The same trip can also be done in just two Tube journeys: Either taking the Victoria Line & Bakerloo, or Victoria Line & Northern. So it’s not really that much of a faff to make this journey with existing London public transport options. (Also worth noting: Highbury has an overland train station too, with trains which can take you as far as Moorgate.)

Plus, as Citymapper’s BB1 route lets people get on and off anywhere on the line portions of the journey will certainly be directly replicating existing public transport routes.

And London’s extensive TfL bus network offers various route options to serve portions of the route, including Angel to Farringdon, if not being completely ‘door-to-door’; i.e. you may need to walk a bit either end. (Indeed, Citymapper’s own founder, Azmat Yusuf, has said of London’s bus network: “If you can figure out how to use the buses you can go anywhere.”)
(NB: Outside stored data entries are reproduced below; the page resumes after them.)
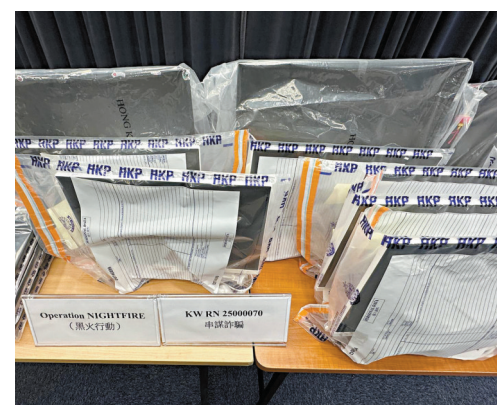
▲警方在「黑火」行動中檢獲的電腦等證物。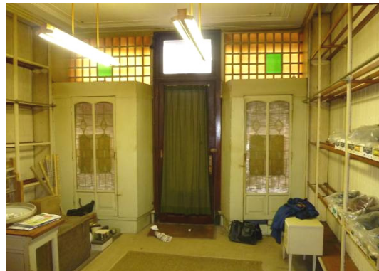
Winkelinterieur met achteraanzicht van de etalage

Op de begane grond was tot voor kort de winkel uit 1911 nog volledig in tact. De langswanden waren beschoten met staande kraaldelen waartegen open kasten, aan de rechter zijkant de toonbank. De etalages waren al medio jaren vijftig gesloten met hergebruikte deurtjes met bossing panelen onderin en twee ongedeelde ramen met een rondboog daarboven. De winkelruimte had een stucplafond met een midden-ornament en een brede stuclijst.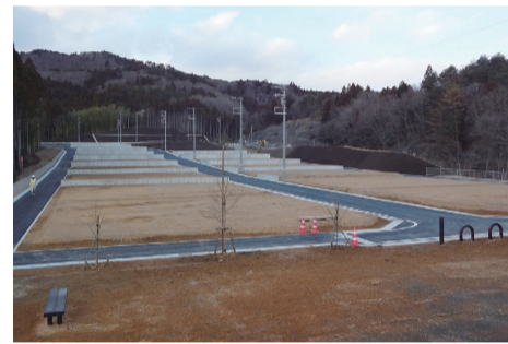
小泊・大室地区（石巻市）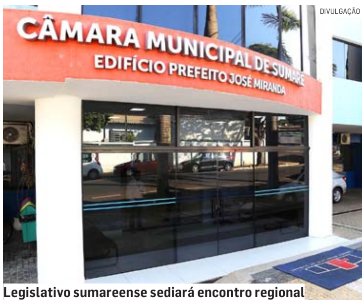
Legislativo sumareense sediará encontro regional

Da Redação • SUMARÉ tribunaliberal@tribunaliberal.com.br

Of course there will always be some people for whom traveling by cab is the preferred option, especially if it’s made more affordable for them to do so. (Uber’s popularity in London attests to that — it claims some 3.5 million users in the city.)

Even if rush hour congestion in London tends to make any form of street-level road-based transport one of the least quickest, least smart ways to get around (biking excepted).
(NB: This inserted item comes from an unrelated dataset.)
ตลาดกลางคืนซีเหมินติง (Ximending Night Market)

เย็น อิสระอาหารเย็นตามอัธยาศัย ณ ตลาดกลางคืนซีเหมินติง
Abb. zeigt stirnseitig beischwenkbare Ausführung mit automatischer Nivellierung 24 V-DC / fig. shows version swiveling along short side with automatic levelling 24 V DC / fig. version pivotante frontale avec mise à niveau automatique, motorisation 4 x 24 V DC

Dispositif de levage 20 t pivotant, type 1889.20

Blogging about why it’s getting into taxi pooling via a tie-up with Gett, Citymapper implies it’s hoping to reduce urban congestion by encouraging existing taxi users to share their journeys — by making use of the fixed, pooled route — and thus reduce the number of cabs on the road at any one time.

Although if it ends up encouraging London commuters off of existing TfL buses and Tubes and onto London’s congested roads the service could well have the opposite effect — a risk which goes undiscussed in its blog.

Instead Citymapper argues that pooled taxi routes can offer a more flexible transport option to add to the mix, with routes able to be ‘edited and evolved to meet user needs’, adding that: “Regular buses can’t do that.”

Of course “regular buses” can’t change their route all the time because very large numbers of people rely on those routes. Whereas cabs that can carry — at most — five individuals at a time are not buses. And are never going to be buses.

Even if Citymapper is seeking to paint this taxi pool line in the livery of a bus — subtitling its blog as: “Black cabs running like buses.” And directly appropriating the word “bus” (“black bus”) for what is actually a commercial shared taxi commuter service. (For a little more perspective London’s bus fleet carries some 6.5M passengers per day.)

We asked Citymapper why it decided that shared taxis are the best option for this transport route — i.e. rather than running another of its ‘smart buses’.

At the time of writing the company had not responded.

Another consideration is how much the London transport regulator was involved in the planning process of the BB1 route.

If, as Citymapper says, the route is making use of side-streets there’s a potential for it to funnel more traffic down residential routes — which are exactly the sorts of factors taken into consideration by regulators when they are planning new bus routes.

So we also asked Citymapper how it considered the impact of running this taxi commuter route on local residents. And also whether it involved TfL in the route-planning process.

We’ve also reached out to the London transport regulator for its views on the service — and will update this post when it responds.

Safe to say, Citymapper is not the only startup seeing money-making opportunities in pulling a portion of users of existing public transport networks onto commercial alternatives. (Nor the only startup under pressure to start monetizing usage of its free app — Citymapper said in December it would start doing just that this year, having raised ~$50M in VC funding since 2011 from investors who clearly want to see a return on that cash.)

Ride-hailing behemoth Uber pioneered this process with its UberPool service which dynamically matches passengers with others riding in the same direction, charging a lower fare than for a full Uber as they share the car.

This strategy may be smart for the companies involved, but the question of how smart it is for already heavily congested and highly polluted cities is a whole other question.